## What is expected
Exclude the pictures, then restate every entry below exactly.

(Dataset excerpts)
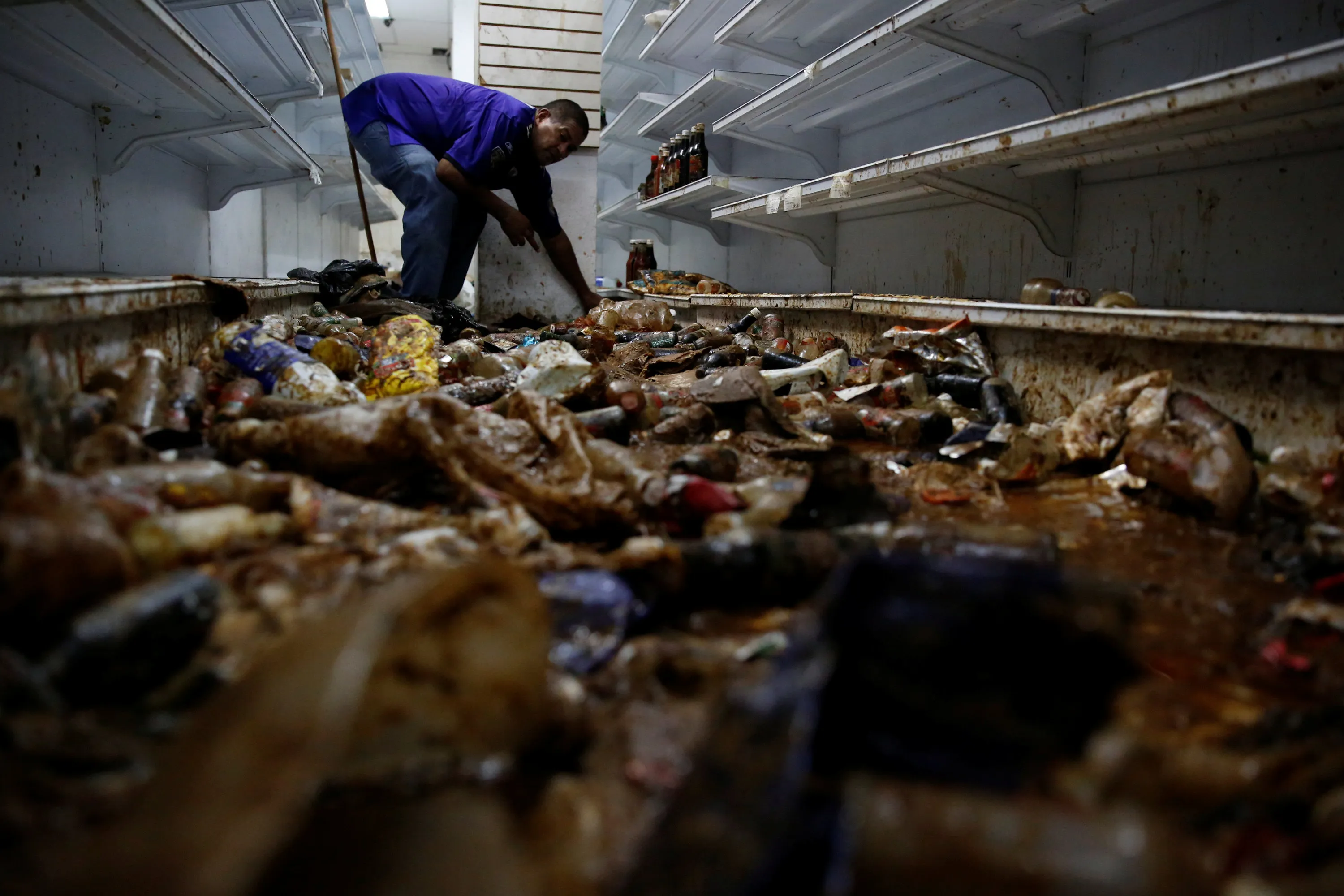 A worker looks for valuables among the damaged goods in a supermarket, after it was looted in Caracas, Venezuela April 21, 2017. (Photo by Carlos Garcia Rawlins/Reuters)
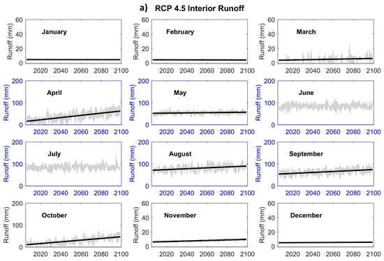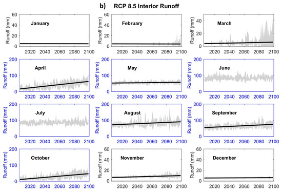 Trends in monthly runoff for scenarios RCP 4.5 (a) and RCP 8.5 (b) from the interior portion of the watershed, which comprises the Alaska Range, the Wrangell Mountains, and the forested river valley. Gray shaded regions display one standard deviation around the mean of five CMIP5 models, and where a solid black trendline is present, it indicates the presence of a statistically significant trend in the five-model mean simulations (MM45 or MM85). Runoff during high-flow months (identified by blue axes) is illustrated at a different scale than during low-flow months (black axes).
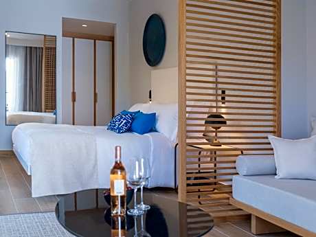Domes Noruz Kassandra is a luxury lifestyle resort designed exclusively for adults. Located on the Kassandra peninsula of Chalkidiki, Greece, the resort is located just 1969 feet from the bustling village of Chanioti and 57 mi from Thessaloniki's Makedonia airport. The resort features a beach club with rooms that have access to a white sandy/pebble blue flag awarded beach with crystal clear turquoise and blue ink water. With 156 rooms, Domes Noruz Kassandra provides a comfortable and elegant stay in a stunning location. The rooms at Domes Noruz Kassandra come equipped with furnished balconies or terraces and feature an all-white, chic décor. The spa-inspired bathrooms add an extra touch of luxury to the guest experience, and the fully stocked Maxi bar in every room, complete with mixology tools, offers added convenience. The resort is located near many vibrant beach bars, incredible beaches, and the bustling nightclub scene of Chalkidiki. It also features two signature restaurants, and a signature sushi and cocktail bar, to cater to all dining needs. Additionally, there is a single swimming pool on the premises for guests to enjoy, fully equipped with premium sun loungers and umbrellas, and beach bar service by the pool and on the beach. The Domes Noruz Kassandra is a getaway for those who are attuned to the global day-life and nightlife scene. It prides itself on being a home base for exploring the legendary clubbing of Chalkidiki, Greece, as the resort's 24/7 pre-clubbing celebratory ambiance sets the tone for a memorable experience. With live music, chef battles, and fashion shows, guests are guaranteed a great time. The resort also prioritizes wellness, with an open-air gym and sunset yoga sessions, and the team of lifestyle experts, carries on the Domes’ concierge culture, dedicated to connecting guests to the best of Chalkidiki.
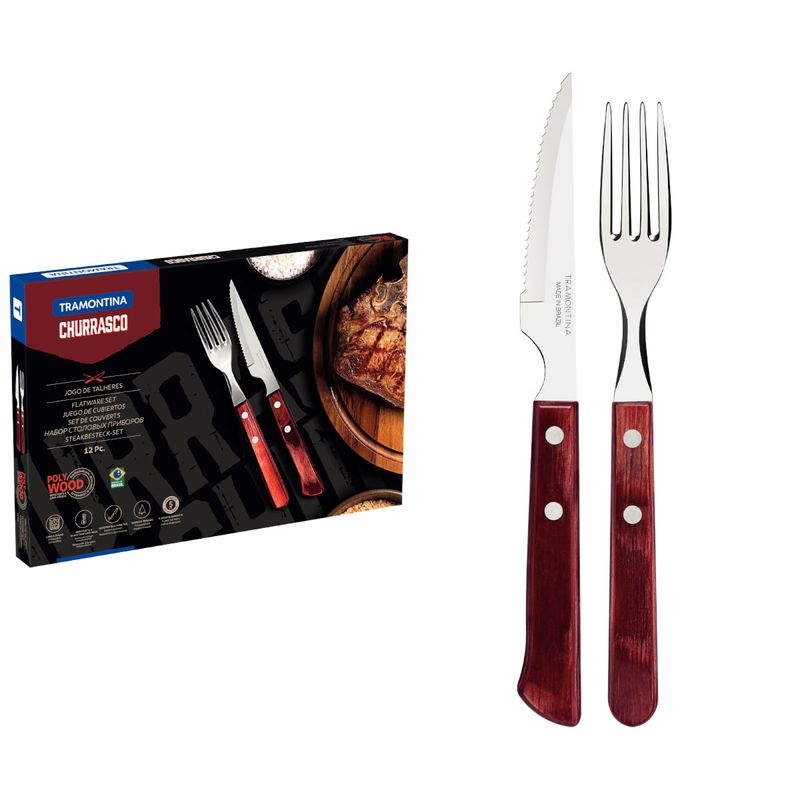 Tenha apenas o melhor na sua mesa e no seu churrasco com o Jogo de Talheres para Churrasco Tramontina em Aço Inox com Cabo Vermelho Polywood 12 Peças. Um jogo exclusivo da linha Churrasco que oferece facas e garfos produzidos com lâminas em aço inox, proporcionando alta durabilidade do fio da lâmina e evitando deformações nos talheres. O cabo de madeira tratada Polywood leva beleza e mais sofisticação para qualquer ocasião, além disso, a madeira é resistente à impactos e altas temperaturas. Uma excelente opção para quem deseja que seu churrasco seja inesquecível.
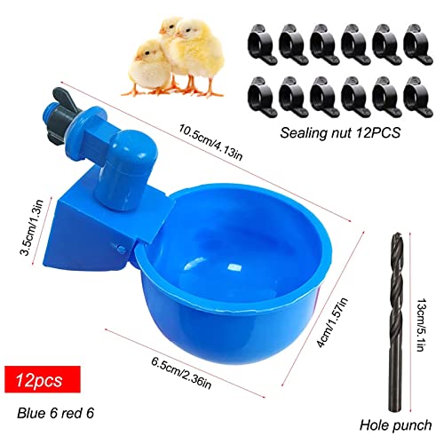 12 Pezzi Abbeveratoio Per Galline Automatico Abbeveratoio Automatico Per Galline Abbeveratoio Galline Per Uccelli, Quaglie, Piccioni, Galline E Pulcini Con Punzonatrici, 6 Blue, 6 Rosse Con 12 Viti
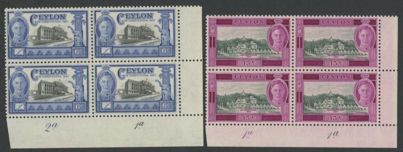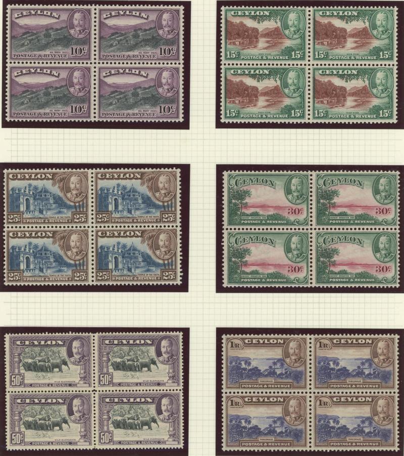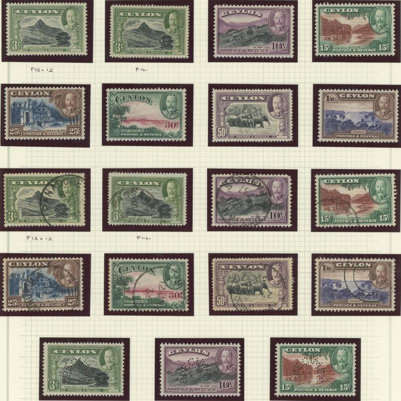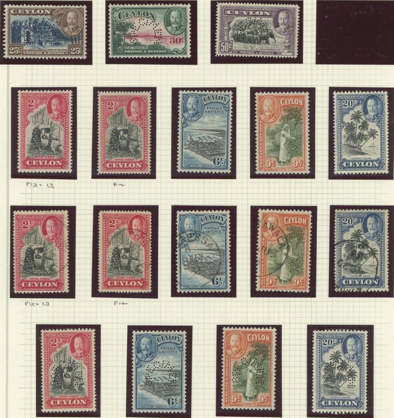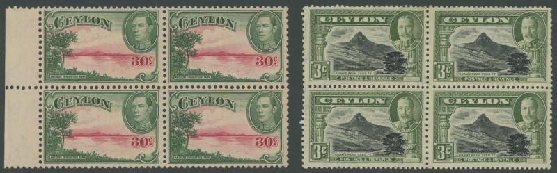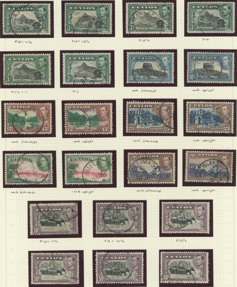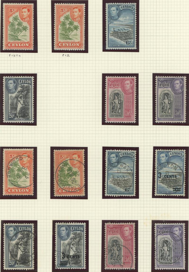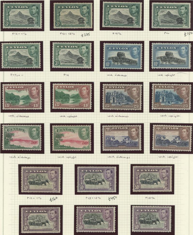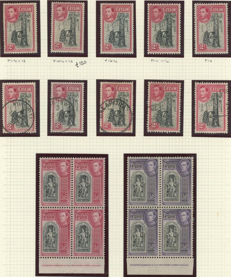 Perf 13x11½ 50c, Perf 13x13½ 2c, 3c & 50c and Line Perf 14 3c & 50c and similar used as well as 2r (both) imprint blocks of 4 **, then KGVI Heads 5r Chalk-Surfaced Paper single & block of 4 **, Ordinary Paper single ** plus two extra shades * and
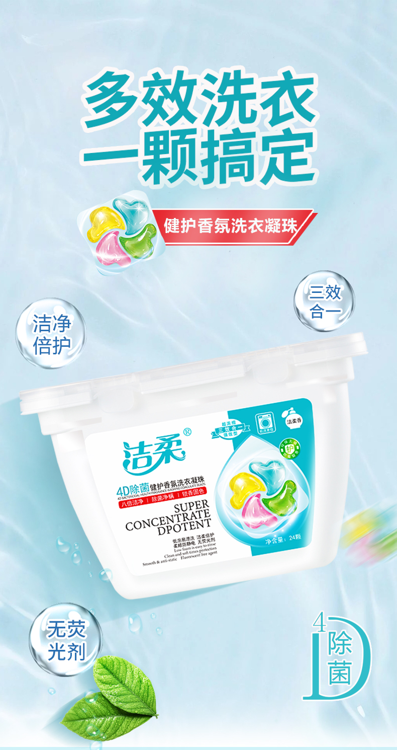 洁柔4D除菌健护香氛超浓缩三效合一强效型洗衣凝珠抑菌除螨柔顺低泡易漂洗香氛洗衣凝珠12g/24颗/盒
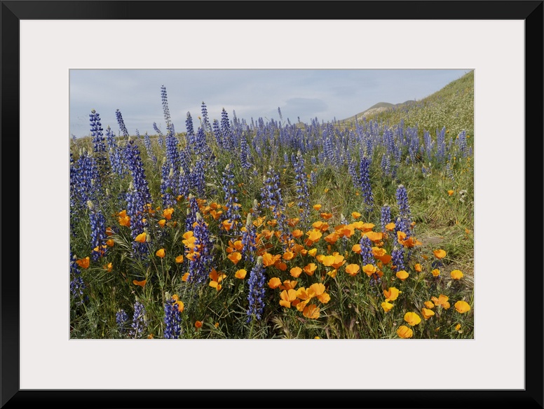 <p>USA, California, Mojave Desert. California poppies and silver lupine flowers in the spring.</p>
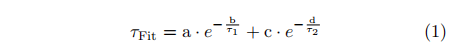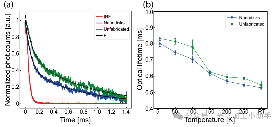 我们测量了Er-O缺陷的PL时间瞬态,以确定超表面和未加工SOI区域中的光学寿命。与Er相关的缺陷通常已知具有超过1毫秒的寿命,即使它们集成到光子器件中[35]。在本研究中,我们调制了应用的光学激发,将调制触发器与探测器输出同步,并使用1550 ± 50 nm带通滤光片隔离相关的发射(见方法和支持信息)。在此,仪器响应函数(IRF)以及从纳米盘阵列中的Er发射体和未加工样本部分获得的发射瞬态数据,均通过双指数函数进行拟合,公式如下:
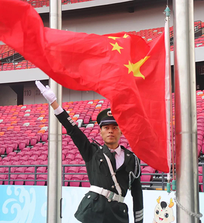 伴隨著慷慨激昂的義勇軍進行曲,五星紅旗冉冉升起,鄭州奧體中心全體員工莊嚴(yán)的向國旗行注目禮,以最崇高的方式表達對祖國母親的敬愛之情。
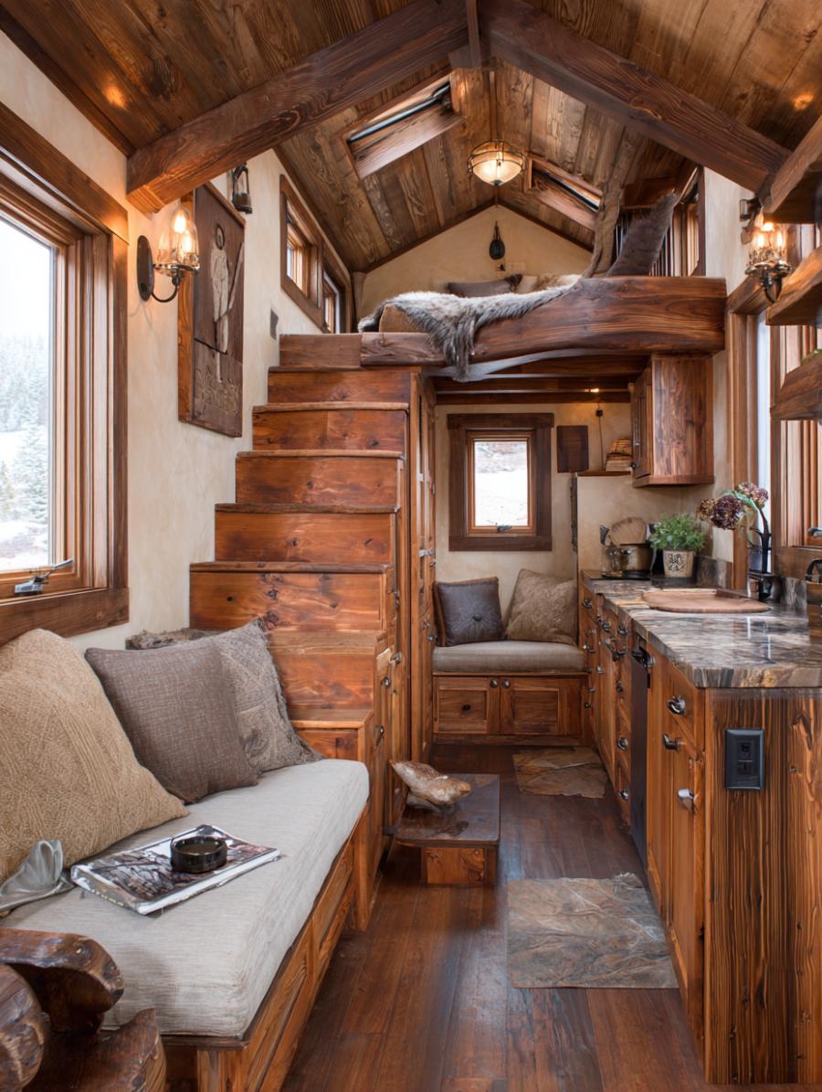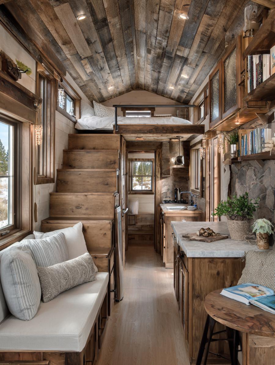 Rich cedar planking and exposed wooden beams create a warm cocoon effect throughout this cleverly designed tiny home interior. Built-in storage stairs lead to a cozy sleeping loft, while the galley kitchen features gorgeous stone countertops and custom cabinetry. Neutral linen seating and strategic lighting make the compact living area feel surprisingly spacious and inviting.
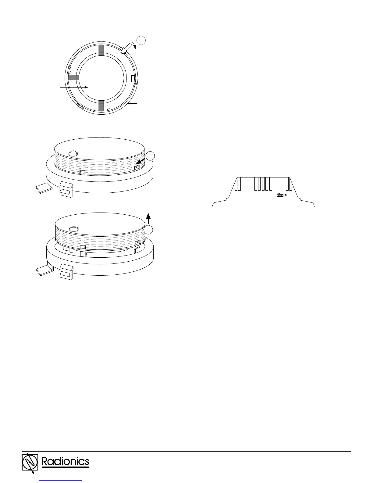 - Replace the detector’s cover. Be careful to line up the holes for the LED (and ther-
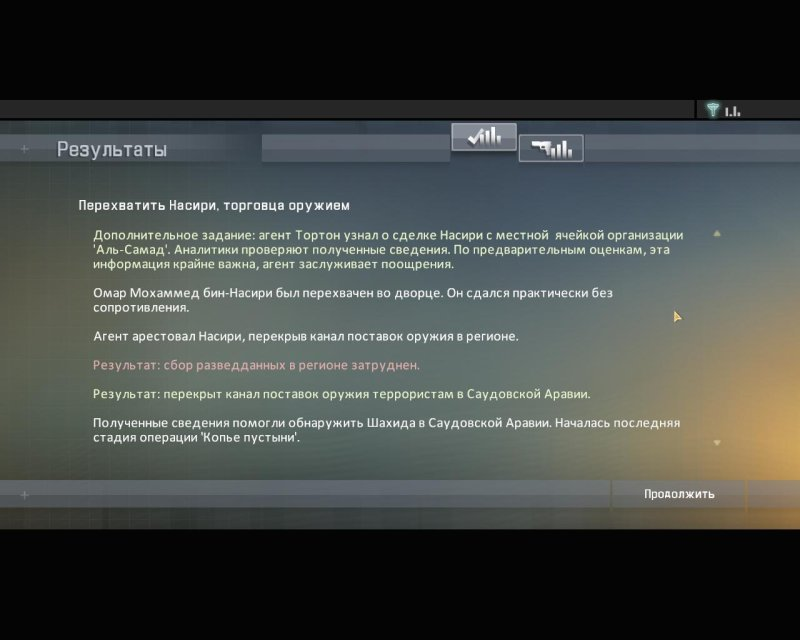 После завершения операции игроку показывают таблицу со статистикой и краткое описание того, как его действия и разговоры на задании повлияли на глобальную историю. Так же в статистике указывается сколько целей вы выполнили, столько врагов убили, сколько вырубили, сколько детей остались сиротами и во столько вашим противникам обошлось лечение. Интересно, что изначально разработчики не планировали показывать игроку статистику миссии, пока один из тестеров не увидел её с помощью бага.
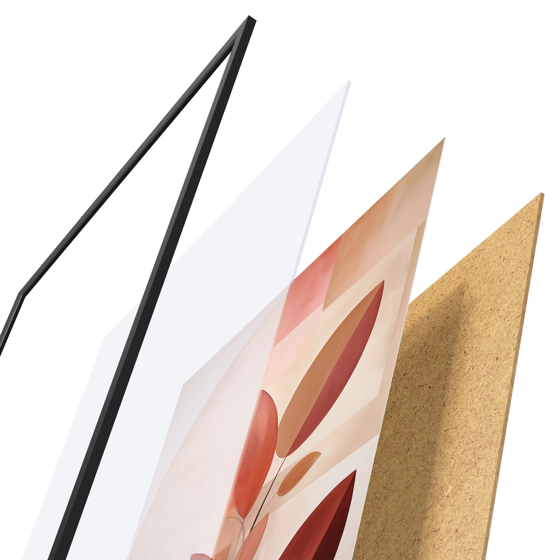 Poster Plante abstraite aux feuilles rouges sur fond de formes géométriques et de couleurs douces et discrètes f47041

## The completed task
 A worker looks for valuables among the damaged goods in a supermarket, after it was looted in Caracas, Venezuela April 21, 2017. (Photo by Carlos Garcia Rawlins/Reuters)
 Trends in monthly runoff for scenarios RCP 4.5 (a) and RCP 8.5 (b) from the interior portion of the watershed, which comprises the Alaska Range, the Wrangell Mountains, and the forested river valley. Gray shaded regions display one standard deviation around the mean of five CMIP5 models, and where a solid black trendline is present, it indicates the presence of a statistically significant trend in the five-model mean simulations (MM45 or MM85). Runoff during high-flow months (identified by blue axes) is illustrated at a different scale than during low-flow months (black axes).
Domes Noruz Kassandra is a luxury lifestyle resort designed exclusively for adults. Located on the Kassandra peninsula of Chalkidiki, Greece, the resort is located just 1969 feet from the bustling village of Chanioti and 57 mi from Thessaloniki's Makedonia airport. The resort features a beach club with rooms that have access to a white sandy/pebble blue flag awarded beach with crystal clear turquoise and blue ink water. With 156 rooms, Domes Noruz Kassandra provides a comfortable and elegant stay in a stunning location. The rooms at Domes Noruz Kassandra come equipped with furnished balconies or terraces and feature an all-white, chic décor. The spa-inspired bathrooms add an extra touch of luxury to the guest experience, and the fully stocked Maxi bar in every room, complete with mixology tools, offers added convenience. The resort is located near many vibrant beach bars, incredible beaches, and the bustling nightclub scene of Chalkidiki. It also features two signature restaurants, and a signature sushi and cocktail bar, to cater to all dining needs. Additionally, there is a single swimming pool on the premises for guests to enjoy, fully equipped with premium sun loungers and umbrellas, and beach bar service by the pool and on the beach. The Domes Noruz Kassandra is a getaway for those who are attuned to the global day-life and nightlife scene. It prides itself on being a home base for exploring the legendary clubbing of Chalkidiki, Greece, as the resort's 24/7 pre-clubbing celebratory ambiance sets the tone for a memorable experience. With live music, chef battles, and fashion shows, guests are guaranteed a great time. The resort also prioritizes wellness, with an open-air gym and sunset yoga sessions, and the team of lifestyle experts, carries on the Domes’ concierge culture, dedicated to connecting guests to the best of Chalkidiki.
 Tenha apenas o melhor na sua mesa e no seu churrasco com o Jogo de Talheres para Churrasco Tramontina em Aço Inox com Cabo Vermelho Polywood 12 Peças. Um jogo exclusivo da linha Churrasco que oferece facas e garfos produzidos com lâminas em aço inox, proporcionando alta durabilidade do fio da lâmina e evitando deformações nos talheres. O cabo de madeira tratada Polywood leva beleza e mais sofisticação para qualquer ocasião, além disso, a madeira é resistente à impactos e altas temperaturas. Uma excelente opção para quem deseja que seu churrasco seja inesquecível.
 12 Pezzi Abbeveratoio Per Galline Automatico Abbeveratoio Automatico Per Galline Abbeveratoio Galline Per Uccelli, Quaglie, Piccioni, Galline E Pulcini Con Punzonatrici, 6 Blue, 6 Rosse Con 12 Viti
 Perf 13x11½ 50c, Perf 13x13½ 2c, 3c & 50c and Line Perf 14 3c & 50c and similar used as well as 2r (both) imprint blocks of 4 **, then KGVI Heads 5r Chalk-Surfaced Paper single & block of 4 **, Ordinary Paper single ** plus two extra shades * and
 洁柔4D除菌健护香氛超浓缩三效合一强效型洗衣凝珠抑菌除螨柔顺低泡易漂洗香氛洗衣凝珠12g/24颗/盒
 <p>USA, California, Mojave Desert. California poppies and silver lupine flowers in the spring.</p>
 我们测量了Er-O缺陷的PL时间瞬态,以确定超表面和未加工SOI区域中的光学寿命。与Er相关的缺陷通常已知具有超过1毫秒的寿命,即使它们集成到光子器件中[35]。在本研究中,我们调制了应用的光学激发,将调制触发器与探测器输出同步,并使用1550 ± 50 nm带通滤光片隔离相关的发射(见方法和支持信息)。在此,仪器响应函数(IRF)以及从纳米盘阵列中的Er发射体和未加工样本部分获得的发射瞬态数据,均通过双指数函数进行拟合,公式如下:
 伴隨著慷慨激昂的義勇軍進行曲,五星紅旗冉冉升起,鄭州奧體中心全體員工莊嚴(yán)的向國旗行注目禮,以最崇高的方式表達對祖國母親的敬愛之情。
 Rich cedar planking and exposed wooden beams create a warm cocoon effect throughout this cleverly designed tiny home interior. Built-in storage stairs lead to a cozy sleeping loft, while the galley kitchen features gorgeous stone countertops and custom cabinetry. Neutral linen seating and strategic lighting make the compact living area feel surprisingly spacious and inviting.
 - Replace the detector’s cover. Be careful to line up the holes for the LED (and ther-
 После завершения операции игроку показывают таблицу со статистикой и краткое описание того, как его действия и разговоры на задании повлияли на глобальную историю. Так же в статистике указывается сколько целей вы выполнили, столько врагов убили, сколько вырубили, сколько детей остались сиротами и во столько вашим противникам обошлось лечение. Интересно, что изначально разработчики не планировали показывать игроку статистику миссии, пока один из тестеров не увидел её с помощью бага.
 Poster Plante abstraite aux feuilles rouges sur fond de formes géométriques et de couleurs douces et discrètes f47041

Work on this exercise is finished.